この週末に映画を見に行こうと思っていたのだが、春の嵐が吹き荒れて出かけるのに躊躇してしまった。まだ風は強いようだが雨はやんだので思い切って出撃。

原作はハヤカワ文庫から出たときにすぐ買って、わりと早いうちに楽しく読み終えた。その後、原語版を Kindle で読み続けていて、そちらも読み終えたら感想を書こうと思っていたのだが、読み終える前に映画が公開されてしまった。
原作のあとがきで「映画化進行中」という情報を得たときには、正直言って不安しかなかった。この内容を映画の長さに収めるのは無理だろうと思ったのだ。もし無理やり詰め込もうとすると、似ても似つかない内容になってしまうだろう。この小説の真髄であるハードさが影を潜め、エンターテインメントが前面に出てしまっては台無しだ。

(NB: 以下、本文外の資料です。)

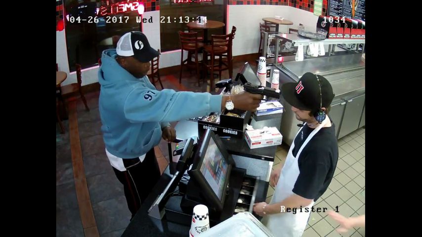 KANSAS CITY – Security video from a sandwhich shop in Kansas City captured the incredible reaction of an employee robbed at gunpoint Wednesday night.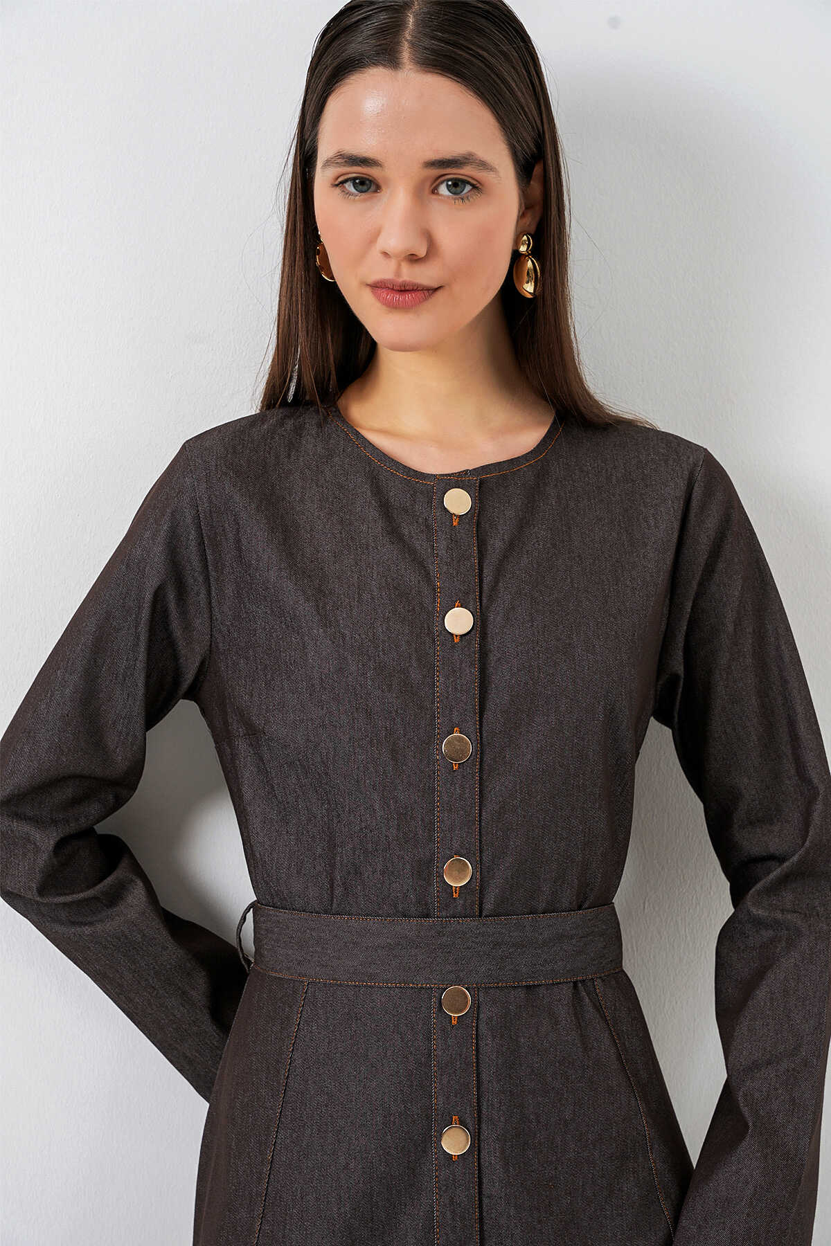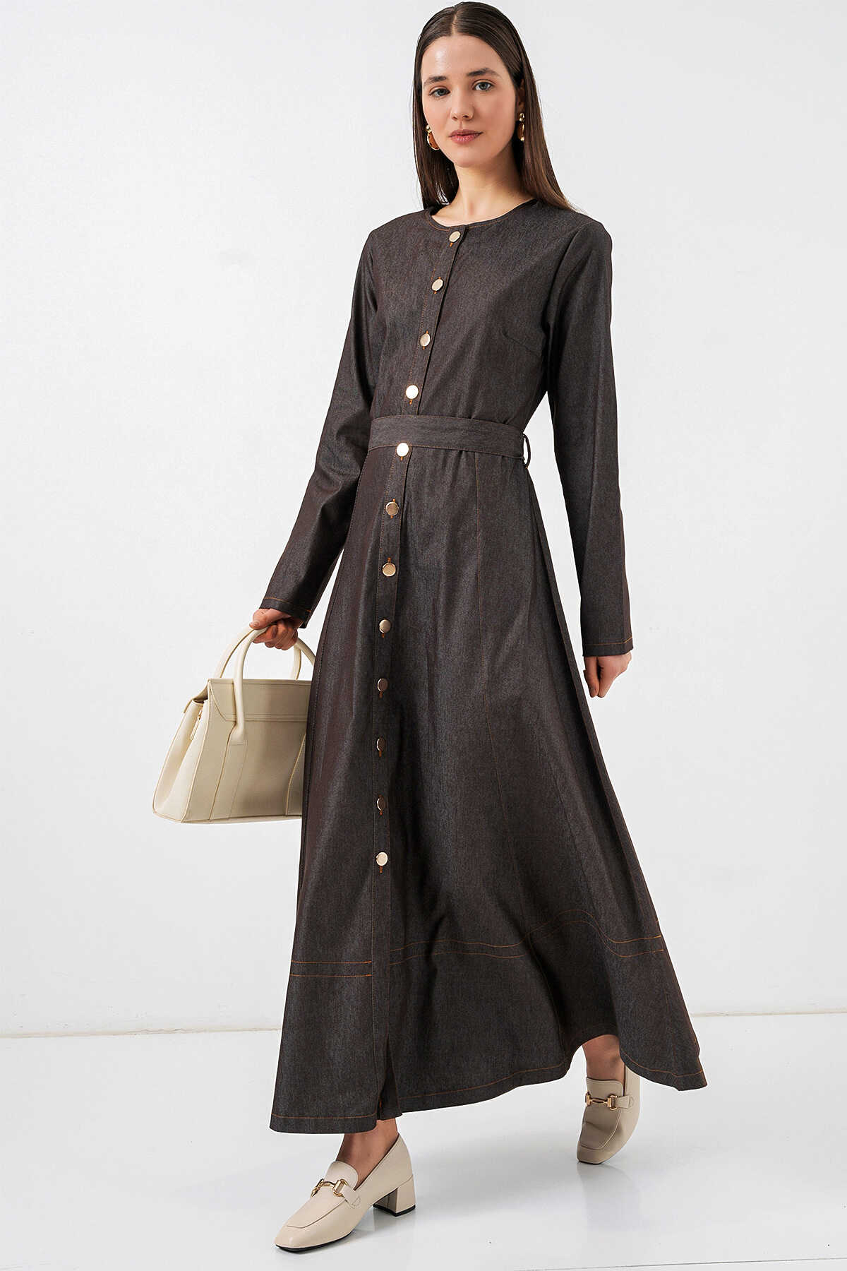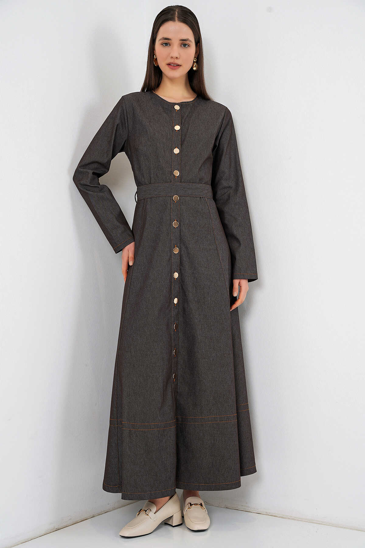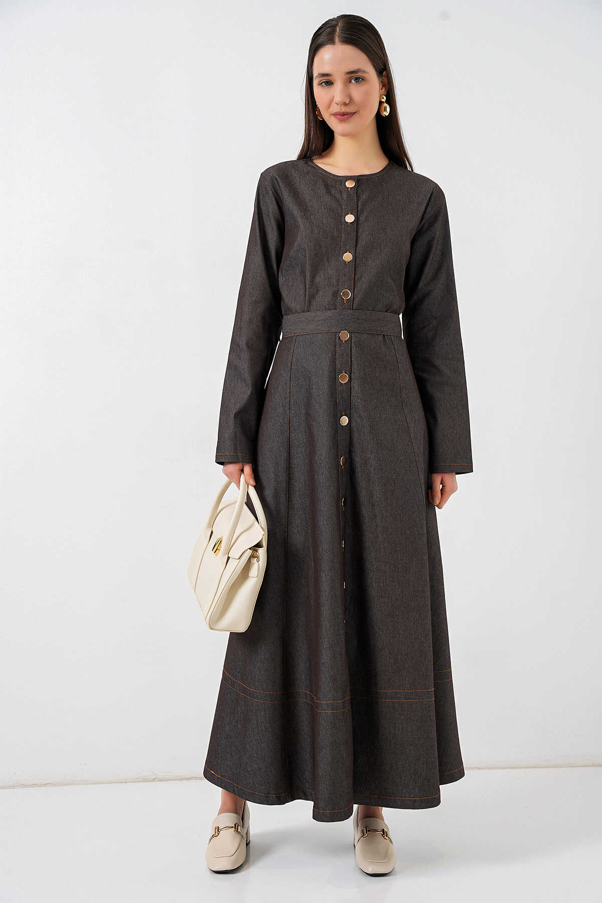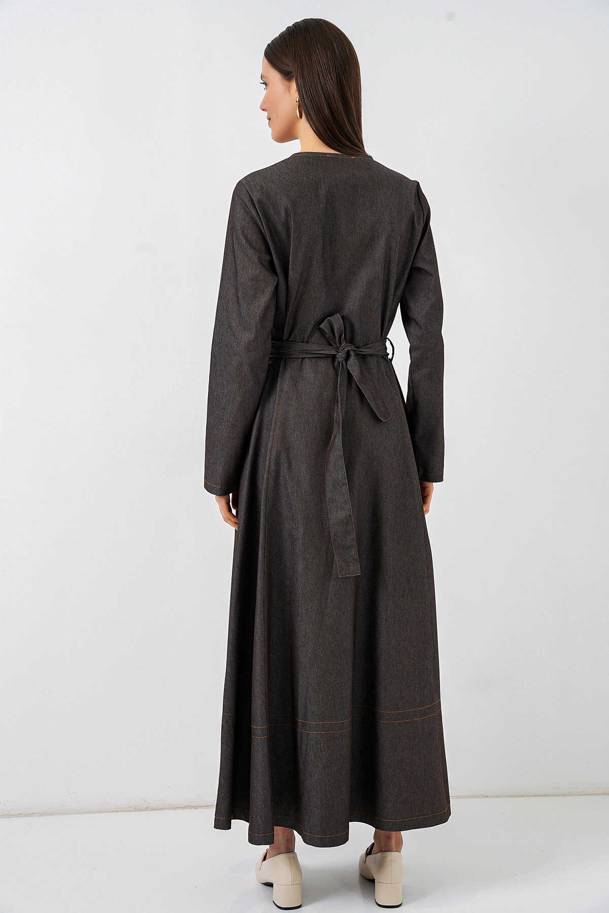 Kadın Kuşaklı Uzun Denim Elbise 2595 - Füme - Kombin

結論として、映画ではいくつかキーになるエピソードが省略されていたがストーリーのアウトラインは原作をほぼ踏襲していたようである。中国のロケットが救援用に使用されるようになった経緯と、火星と地球の連絡手段になっていたパスファインダーを壊してしまうくだりが省略されていた。それでも全体的に駆け足になってしまっている印象はぬぐえない。上映館を調べているときに目に入った感想に「わざわざ中国の力を借りなくてもいいのに」というのがあったが、そもそも現代の宇宙開発における中国の存在感の大きさを認識していない(ちなみに原作にも日本はまったく出てこない)のだろうけど、重力カタパルトのために地球近傍をフライバイする宇宙船エルメスに補給品を届けるためには並みのロケットではその速度に追いつけないということが映画の中でちゃんと説明されていないのが大きな原因のひとつだろう。とにかくこうした説明がされずに派手なエピソードをつぎはぎにした感が否めない。そういう意味では不安は的中したわけだ。三十一は原作を読んでいるから主人公やその他の登場人物のそれぞれの行動の理由づけがわかるが、予備知識なしに映画だけ見た人には消化不良だったのではなかろうか。

個人的には、テレビシリーズなどで十分時間を使ってドラマ化してほしい。特撮は多少チャチでもいいからさ。